# Find the value of the product

#### anemone

##### MHB POTW Director
Staff member
Hey MHB, I am back, fully recover from food poisoning and first off, I want to take this opportunity to wish everyone and their family a very happy and Merry Christmas, much luck, good health and all good things of life. I hope you guys are able to spend it with loved ones!  I want to also present a "Christmas Math Challenge" as a gift to my friends (all of you are my friends, aren't you? ) here today! $a$ satisfies the equation $\left(a+\dfrac{1}{a}+1 \right)\left(a+\dfrac{1}{a} \right)=1$.
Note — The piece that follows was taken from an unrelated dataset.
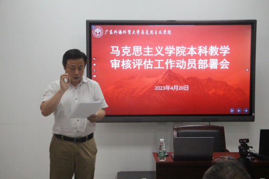 4月20日下午,马克思主义学院于大学城校区教学楼A509召开了2023年本科教学审核评估工作动员大会,会议由学院副院长朱海龙主持,学院全体教职工参加了此次会议。
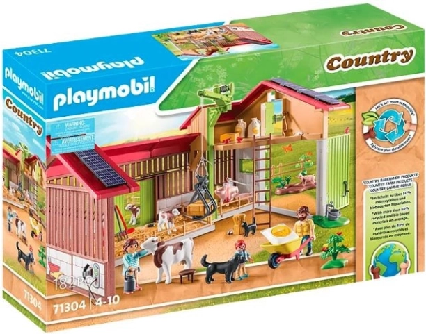 Velika kmetija Playmobil Country prinaša otrokom pristno doživetje podeželja. Zahvaljujoč bogati opremi, funkcionalnim elementom in raznoliki živalski družbi si lahko mali kmetovalci izmišljajo lastne zgodbe ter se učijo o odgovornem ravnanju z naravnimi viri.

What is the value of $\left(a^{20}+\dfrac{1}{a^{20}}+1 \right)\left(a^{20}+\dfrac{1}{a^{20}} \right)$?

#### chisigma

##### Well-known member
Hey MHB, I am back, fully recover from food poisoning and first off, I want to take this opportunity to wish everyone and their family a very happy and Merry Christmas, much luck, good health and all good things of life. I hope you guys are able to spend it with loved ones!  I want to also present a "Christmas Math Challenge" as a gift to my friends (all of you are my friends, aren't you? ) here today! $a$ satisfies the equation $\left(a+\dfrac{1}{a}+1 \right)\left(a+\dfrac{1}{a} \right)=1$.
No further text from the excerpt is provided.